◆ Task directions
In the reply, give back exactly the lines from the one with "More about Joggins" through the last line of the records, without pictures.

=== Begin Enclosure ===

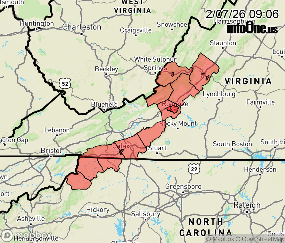 Canceled 2/7/26 2:22 PM Cold Weather Advisory issued February 7 at 9:05AM EST until February 8 at 7:00AM EST by NWS Blacksburg VA * WHAT... For the High Wind Warning, northwest winds 20 to 30 mph with gusts up to 60 mph. For the Cold Weather Advisory, very cold wind chills as low as 13 below. * WHERE... Portions of northwest North Carolina and southwest and west central Virginia. * WHEN... For the High Wind Warning, until 7 PM EST this evening. For the Cold Weather Advisory, until 7 AM EST Sunday. * IMPACTS... Damaging winds will blow down trees and power lines. Power outages are possible. Travel will be difficult, especially for high profile vehicles. The cold wind chills as low as 15 below zero could result in hypothermia if precautions are not taken. ![]() |
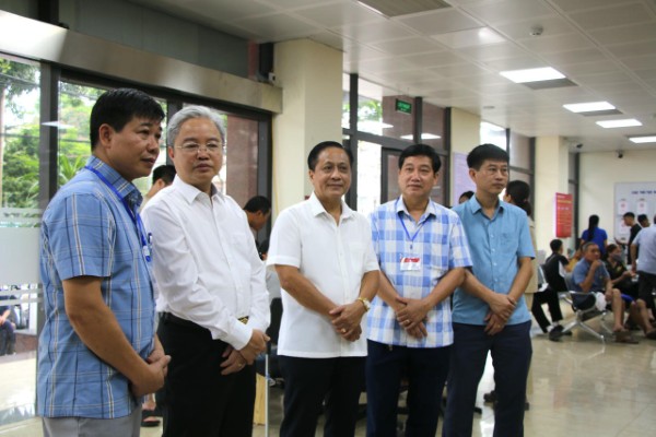 Ông Nguyễn Quang Thái, Phó Bí thư chuyên trách Đảng ủy Bộ Tư pháp thăm và làm việc tại Trung tâm Phục vụ hành chính công phường Phan Đình Phùng.
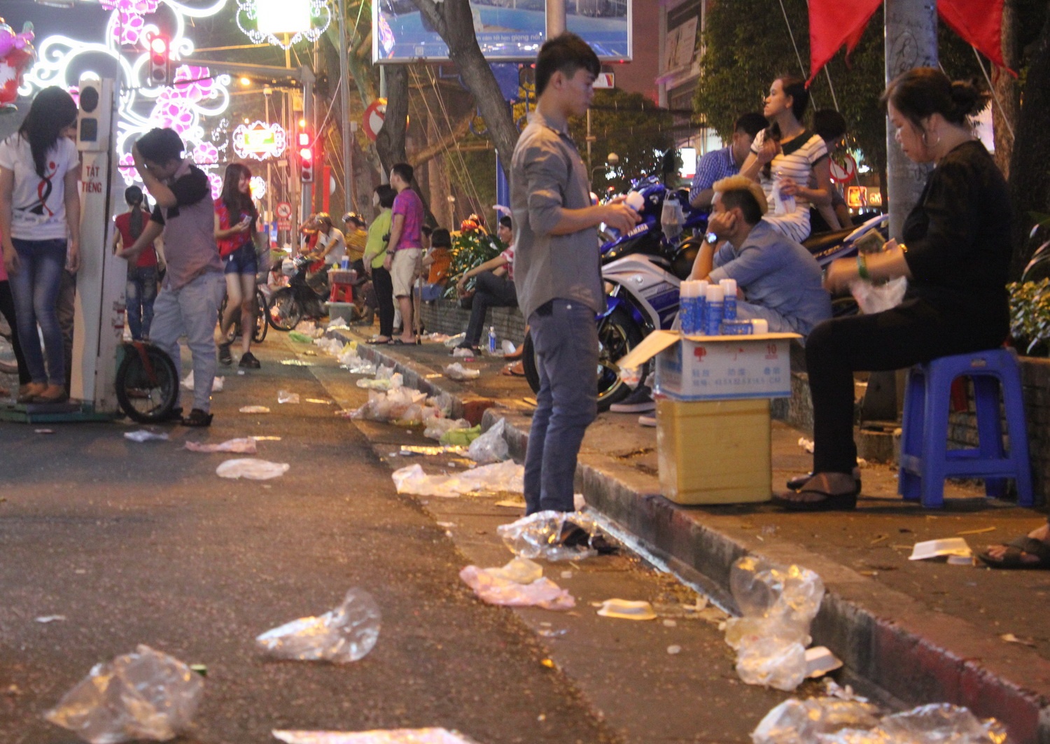 | Các tuyến đường thu hút rất đông người tham quan như Lê Lợi, Nguyễn Huệ, Đồng Khởi, Lê Duẩn...ở trung tâm thành phố tràn ngập các loại bao nilon, hộp xốp. |
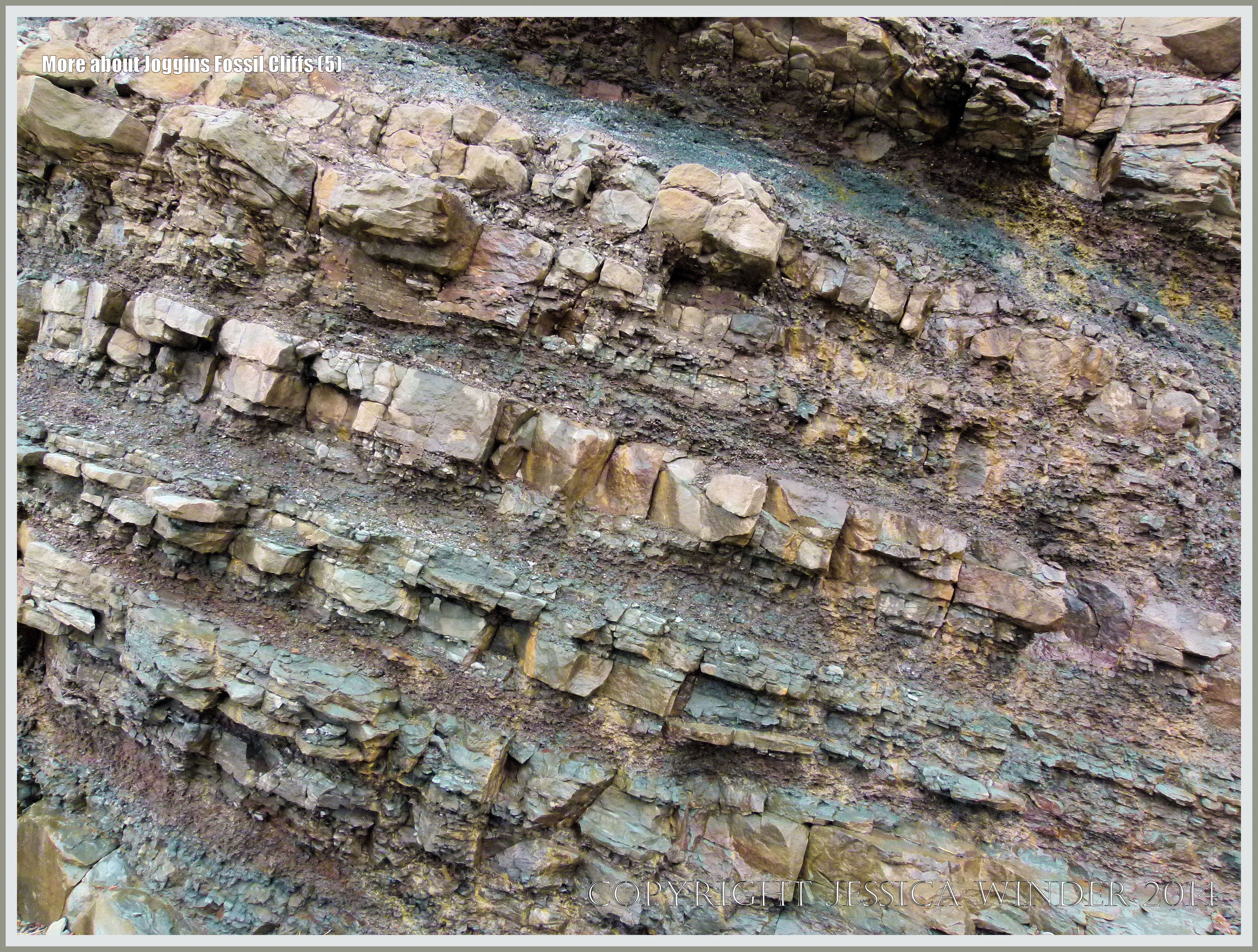 More about Joggins Fossil Cliffs 5 – Rock strata inclined at an angle of about 20 degrees at Joggins Fossil Cliffs in Nova Scotia, Canada.
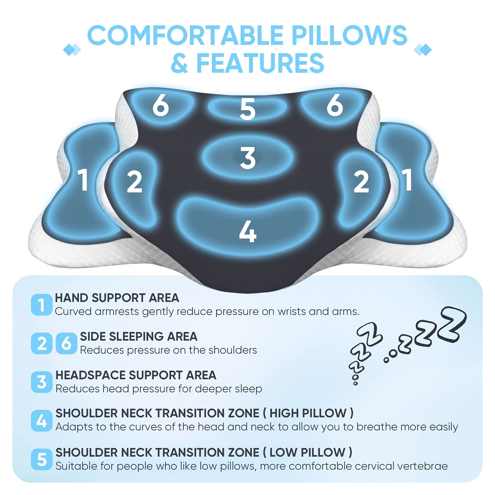 Neck Pillow for Sleep, Cooling Side Sleeping Pillow for Neck Support, Comfortable Soft Contour Pillow, Back Abdomen Sleeping Bed Pillow
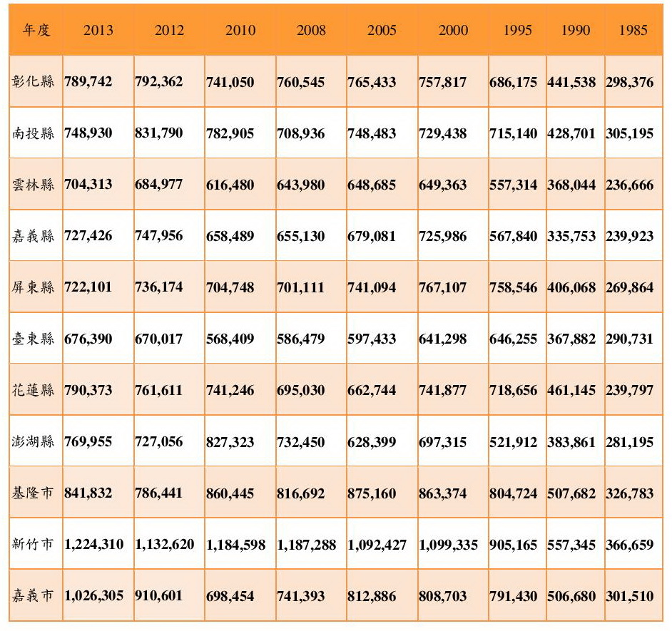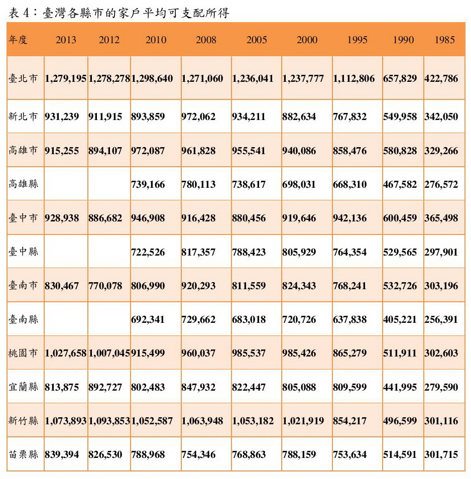 這種因產業結構導致的城鄉差距,如果沒有靠中央政府的政策介入,很難改變。居住在農漁業縣分的居民,就無奈地必須接受較低的生活品質,這是區域不正義。民進黨執政時期曾推出投資中南部、中小企業、中下階層的三中策略,些微扭轉南部縣市居民的困境。從表4可看出,雲嘉南高屏等縣市的家戶平均可支配所得在民進黨執政時期,有稍微提高,到了2008年以後,才又下滑。無怪乎南部農業縣分一直都是民進黨執政的瓤中物。
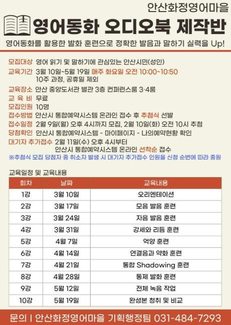 (시사미래신문) 안산시가 설립하고 안산대학교가 운영하는 안산화정영어마을이 성인 영어 학습자를 위한 ‘영어동화 오디오북 제작반’을 3월부터 5월까지 10주 과정으로 안산시 중앙도서관에서 운영한다고 4일 밝혔다.
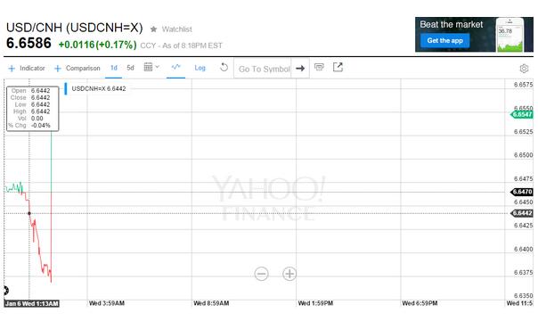人民币中间价再跌145点 离岸人民币应声大跌200点
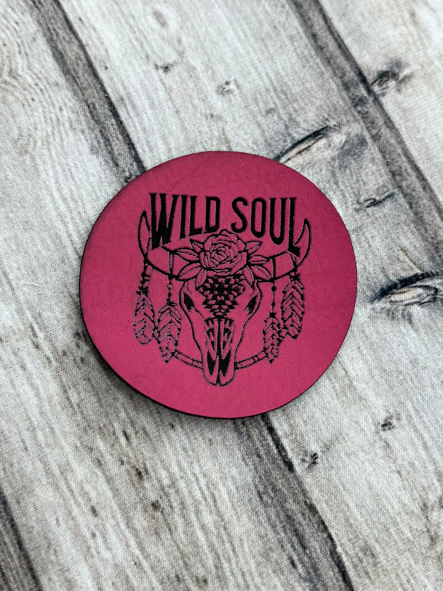 Leatherette Tag - Wild Soul 2" - Carmine with Black Font 2"

=== End Enclosure ===

◆ Response box
 More about Joggins Fossil Cliffs 5 – Rock strata inclined at an angle of about 20 degrees at Joggins Fossil Cliffs in Nova Scotia, Canada.
 Neck Pillow for Sleep, Cooling Side Sleeping Pillow for Neck Support, Comfortable Soft Contour Pillow, Back Abdomen Sleeping Bed Pillow
 這種因產業結構導致的城鄉差距,如果沒有靠中央政府的政策介入,很難改變。居住在農漁業縣分的居民,就無奈地必須接受較低的生活品質,這是區域不正義。民進黨執政時期曾推出投資中南部、中小企業、中下階層的三中策略,些微扭轉南部縣市居民的困境。從表4可看出,雲嘉南高屏等縣市的家戶平均可支配所得在民進黨執政時期,有稍微提高,到了2008年以後,才又下滑。無怪乎南部農業縣分一直都是民進黨執政的瓤中物。
 (시사미래신문) 안산시가 설립하고 안산대학교가 운영하는 안산화정영어마을이 성인 영어 학습자를 위한 ‘영어동화 오디오북 제작반’을 3월부터 5월까지 10주 과정으로 안산시 중앙도서관에서 운영한다고 4일 밝혔다.
人民币中间价再跌145点 离岸人民币应声大跌200点
 Leatherette Tag - Wild Soul 2" - Carmine with Black Font 2"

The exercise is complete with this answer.